Israel, Politics

A Plea For Engagement: Listening for the Prophetic

This is a guest post by Drew Cohen, J Street U’s staff co-organizer in Jerusalem, and in his final year of the Pardes Educators Program.
J Street“Zion shall be redeemed with justice, and those that return to her in righteousness.” — Isaiah, 1:27
Three years ago I moved to Jerusalem. I grew up as an involved member of the Reform movement in Connecticut, spent my college and post-college years working in Jewish education in greater Boston, and married another Jewish educator with a deep commitment to Israel. I moved, in part, so that when asked what I thought about Israel, I would have an educated response. I moved to engage my Judaism more deeply. I moved to live in the place where our prophets, my religious role models, preached the Divine call for justice. And I moved because, as a Jewish educator, I realized that I could only encourage my students to develop a relationship to Israel if I myself was deeply connected to the land and its peoples.
Over the last three years I have come to feel a commitment to and responsibility for this place I could not have imagined. While that commitment has grown as a result of various factors, among them is the relationships I have built with Israelis and Palestinians working to create a more democratic future for their respective peoples, a future where a Jewish, democratic Israel can exist in peace and security, and where both Jews and Palestinians can determine their own destiny.
I now work with J Street U to engage American students studying in Israel with the diversity and vitality of the community of activists, politicians, jurists and journalists that I have come to find so inspiring. Unfortunately, these voices are too often absent from the conversation back home – a situation that serves neither the interests of the American Jewish community or of Israel itself. The many men and women working in Israel to ensure the nation lives up to the values enshrined in its declaration of independence — a nation of “freedom, justice and peace as envisioned by the prophets of Israel” – provide one of the most powerful resources available for those of us committed to an ongoing relationship between Israel and the Diaspora.
This year, as a student in the Pardes Educators Program, I’ve been reflecting on that line from the declaration through my study of the book of Isaiah. I hear echoes of the prophet’s words all around me.

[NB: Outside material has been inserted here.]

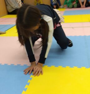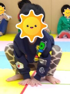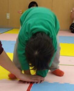 両手を着きながらジャンプをすることが難しい子は、手を上から添えて抑えてあげたり

I hear them in the calls of young Israeli activists who speak out against home evictions in East Jerusalem. And I hear them in the words of Dr. Mohammed Dajani, a Palestinian professor, arguing against extremist (and according to him, inaccurate) readings of the Koran being taught in Palestinian schools.
The problem our prophets faced was that no one wanted to listen – it’s too easy to fall into a routine, to just go about our lives, performing empty rituals, ignoring the suffering and injustice around us. I’ve watched three years of students pass through this city – the vast majority of them falling into their routine, sitting inside and studying, and neither taking the time to learn about the reality outside the walls of the beit midrash (house of study) nor paying heed to those prophetic echoes coming from the societies around them. For some, intense study of Jewish text is what they came to Israel to do, and they aren’t interested in “politics.” Others, who have taken some time to travel and learn, have expressed to me a frustration that the connection between the texts we’re studying and the world around us goes unheeded, out of a fear of opening up an uncomfortable discussion.
The trouble is that this fear is self-fulfilling. This kind of willful avoidance does not serve me, my community, or my future students.
We often hear that my generation is far “less connected” to Israel than our parents and grandparents. But we make a serious mistake in romanticizing Israel, in holding it up as a nation above reproach and making allegiance to it contingent upon a certain willful blindness or at least muteness to the realities of the unsustainable situation in which Israel now finds itself. Such notions do not encourage the kind of responsibility and connection those of us who care deeply for this place hope to see in the coming generations. My generation finds such an unrealistic picture alienating, and we have been ill equipped to reconcile what we have been taught with the realities, complexities and challenges of this beautiful and fraught land.
It is from a desire to encourage American Jews to engage with this reality and to cultivate a sense of responsibility for it that my wife and I chose to work with J Street U here in Jerusalem, creating programs and tours to help American Jews studying in Israel learn about the realities and challenges facing this country, and to introduce them to Israelis and Palestinians who are fighting for a sustainable future for their peoples and their nations. While J Street in the US lobbies for American leadership to bring about a two state solution, in Jerusalem we ask American students studying here to engage – to listen and learn, so that they can serve the Jewish community, and serve Israel, better upon their return to the US.
Throughout my Jewish education, I was repeatedly taught to reflect upon Hillel’s famous three questions.
“If I am not for myself, who am I?”
If I do not work for a more inclusive Jewish community, one where we can have honest, open and respectful conversations about the most difficult issues, I will have only myself to blame for my own alienation, and that of a growing number of young Jews.
“If I am only for myself, what am I?”
Just as I want to see an Israel which reflects those values instilled in me by my teachers, and enshrined in Israel’s own declaration of Independence, so too I want to encourage those Israelis and Palestinians working for those values, and enable American Jews to hear and spread their messages.
“If not now, when?”
We have been speaking about peace for so long we can fail to appreciate the profound cost of failure. I owe it to my Israeli and Palestinian friends to see to it that they have a brighter, safer future. I owe it to my past and future students to work for an expanded conversation in the Jewish community before the charged discussion about Israel and Palestine alienates any more young Jews and jeopardizes Israel’s own future. I also owe it to Isaiah.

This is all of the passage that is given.